Data in this exercise:
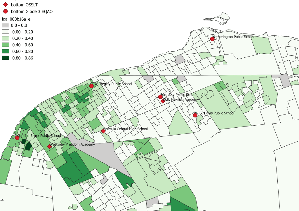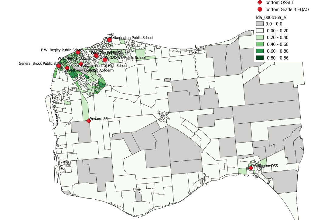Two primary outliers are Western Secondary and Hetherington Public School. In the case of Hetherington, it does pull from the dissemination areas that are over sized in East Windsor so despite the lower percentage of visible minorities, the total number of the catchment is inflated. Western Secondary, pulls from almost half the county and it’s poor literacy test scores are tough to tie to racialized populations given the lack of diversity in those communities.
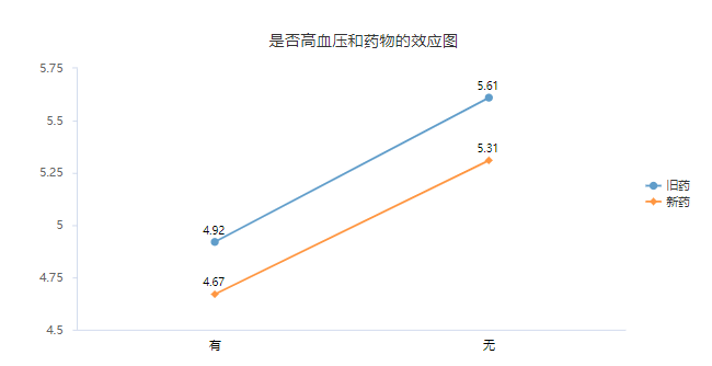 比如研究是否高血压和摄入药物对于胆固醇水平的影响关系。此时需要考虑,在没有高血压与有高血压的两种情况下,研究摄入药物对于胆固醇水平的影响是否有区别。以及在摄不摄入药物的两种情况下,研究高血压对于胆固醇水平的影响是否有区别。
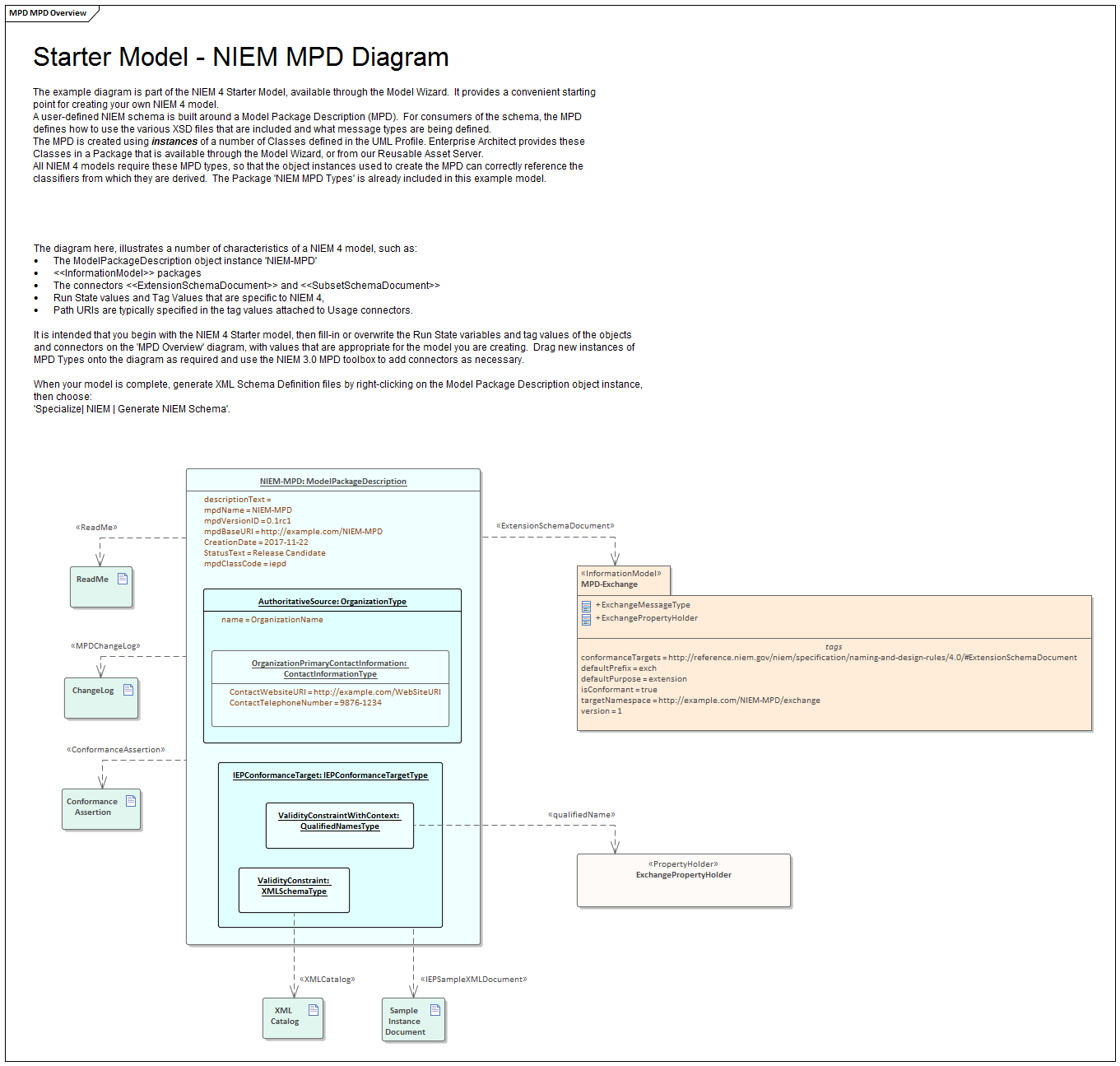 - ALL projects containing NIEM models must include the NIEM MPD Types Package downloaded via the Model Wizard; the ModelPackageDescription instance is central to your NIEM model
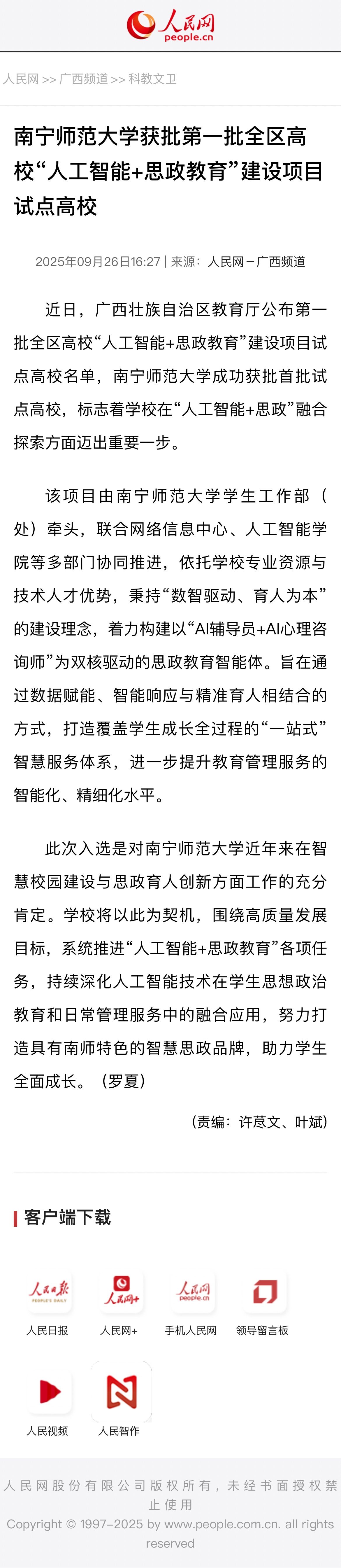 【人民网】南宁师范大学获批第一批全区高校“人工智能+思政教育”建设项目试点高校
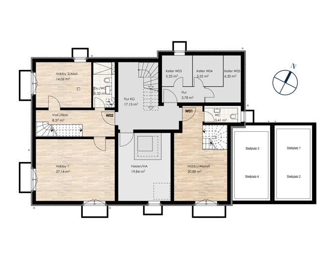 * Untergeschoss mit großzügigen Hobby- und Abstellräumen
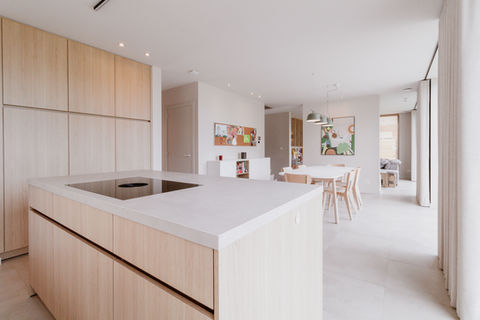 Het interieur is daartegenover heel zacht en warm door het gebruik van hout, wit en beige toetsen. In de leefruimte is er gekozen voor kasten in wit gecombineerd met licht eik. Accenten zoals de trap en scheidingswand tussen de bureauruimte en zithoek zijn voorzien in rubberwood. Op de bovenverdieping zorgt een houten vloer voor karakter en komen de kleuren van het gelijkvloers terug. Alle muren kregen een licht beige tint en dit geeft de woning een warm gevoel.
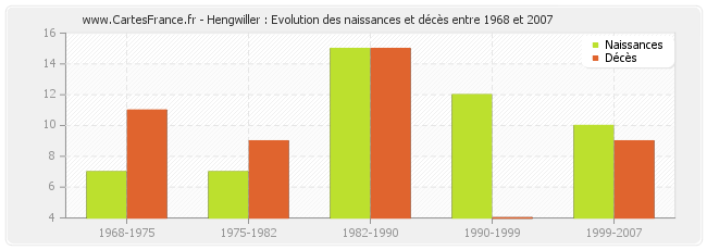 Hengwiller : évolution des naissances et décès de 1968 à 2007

Exercise aim: No pictures belong in the answer. It must repeat exactly the lines from the line with "比如研究是否高血压和摄入药物" through the final line of the records.

Task result:
 比如研究是否高血压和摄入药物对于胆固醇水平的影响关系。此时需要考虑,在没有高血压与有高血压的两种情况下,研究摄入药物对于胆固醇水平的影响是否有区别。以及在摄不摄入药物的两种情况下,研究高血压对于胆固醇水平的影响是否有区别。
 - ALL projects containing NIEM models must include the NIEM MPD Types Package downloaded via the Model Wizard; the ModelPackageDescription instance is central to your NIEM model
 【人民网】南宁师范大学获批第一批全区高校“人工智能+思政教育”建设项目试点高校
 * Untergeschoss mit großzügigen Hobby- und Abstellräumen
 Het interieur is daartegenover heel zacht en warm door het gebruik van hout, wit en beige toetsen. In de leefruimte is er gekozen voor kasten in wit gecombineerd met licht eik. Accenten zoals de trap en scheidingswand tussen de bureauruimte en zithoek zijn voorzien in rubberwood. Op de bovenverdieping zorgt een houten vloer voor karakter en komen de kleuren van het gelijkvloers terug. Alle muren kregen een licht beige tint en dit geeft de woning een warm gevoel.
 Hengwiller : évolution des naissances et décès de 1968 à 2007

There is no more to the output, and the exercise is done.